> Input for this task:
- - - - - - -

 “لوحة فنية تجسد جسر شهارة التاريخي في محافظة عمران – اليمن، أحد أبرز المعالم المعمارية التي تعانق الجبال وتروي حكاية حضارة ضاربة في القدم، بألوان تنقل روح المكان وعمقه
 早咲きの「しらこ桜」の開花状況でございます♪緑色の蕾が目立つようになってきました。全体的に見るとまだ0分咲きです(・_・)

- - - - - - -

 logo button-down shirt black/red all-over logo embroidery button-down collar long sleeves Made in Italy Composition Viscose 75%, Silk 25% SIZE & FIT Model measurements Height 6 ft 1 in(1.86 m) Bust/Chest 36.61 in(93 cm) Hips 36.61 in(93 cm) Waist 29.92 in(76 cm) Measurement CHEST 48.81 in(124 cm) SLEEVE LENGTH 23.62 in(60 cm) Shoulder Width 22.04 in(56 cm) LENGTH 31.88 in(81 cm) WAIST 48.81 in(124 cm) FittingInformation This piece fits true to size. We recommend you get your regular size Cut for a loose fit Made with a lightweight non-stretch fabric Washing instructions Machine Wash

- - - - - - -

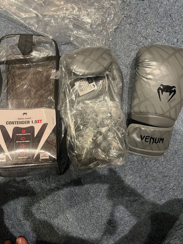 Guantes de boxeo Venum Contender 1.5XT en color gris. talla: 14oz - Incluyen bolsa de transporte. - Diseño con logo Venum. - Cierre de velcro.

- - - - - - -

> Task description: From the records above, give again exactly the lines running from the line with "روح المكان وعمقه" to the line with "早咲きの「しらこ桜」の開花状", inclusive.

> Result for this task:
 “لوحة فنية تجسد جسر شهارة التاريخي في محافظة عمران – اليمن، أحد أبرز المعالم المعمارية التي تعانق الجبال وتروي حكاية حضارة ضاربة في القدم، بألوان تنقل روح المكان وعمقه
 早咲きの「しらこ桜」の開花状況でございます♪緑色の蕾が目立つようになってきました。全体的に見るとまだ0分咲きです(・_・)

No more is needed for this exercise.